## What to produce
Give back an exact copy of the listing that follows, without the pictures.

## Data excerpt
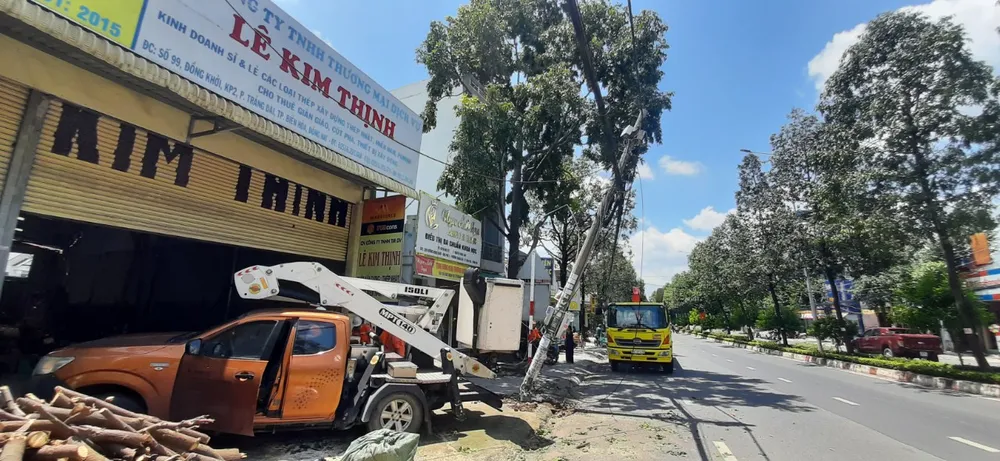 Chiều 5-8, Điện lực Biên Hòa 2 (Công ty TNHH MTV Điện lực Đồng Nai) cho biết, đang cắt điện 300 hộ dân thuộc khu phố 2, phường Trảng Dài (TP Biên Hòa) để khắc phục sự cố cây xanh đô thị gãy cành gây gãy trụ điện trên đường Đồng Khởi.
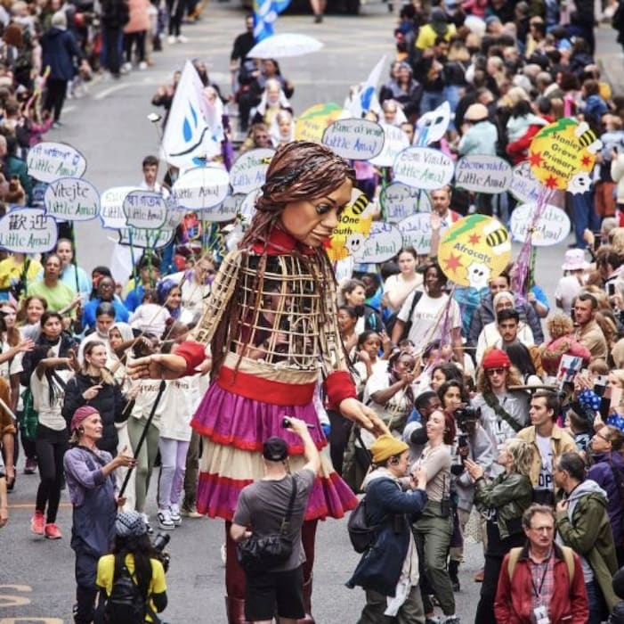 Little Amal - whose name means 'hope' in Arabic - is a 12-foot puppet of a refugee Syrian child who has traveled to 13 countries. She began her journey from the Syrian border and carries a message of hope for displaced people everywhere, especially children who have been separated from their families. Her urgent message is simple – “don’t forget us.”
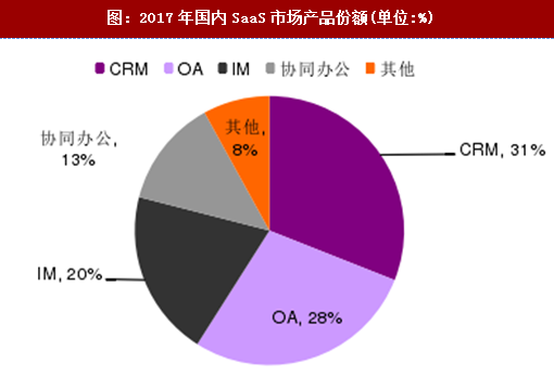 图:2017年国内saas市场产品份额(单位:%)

## Result below
 Chiều 5-8, Điện lực Biên Hòa 2 (Công ty TNHH MTV Điện lực Đồng Nai) cho biết, đang cắt điện 300 hộ dân thuộc khu phố 2, phường Trảng Dài (TP Biên Hòa) để khắc phục sự cố cây xanh đô thị gãy cành gây gãy trụ điện trên đường Đồng Khởi.
 Little Amal - whose name means 'hope' in Arabic - is a 12-foot puppet of a refugee Syrian child who has traveled to 13 countries. She began her journey from the Syrian border and carries a message of hope for displaced people everywhere, especially children who have been separated from their families. Her urgent message is simple – “don’t forget us.”
 图:2017年国内saas市场产品份额(单位:%)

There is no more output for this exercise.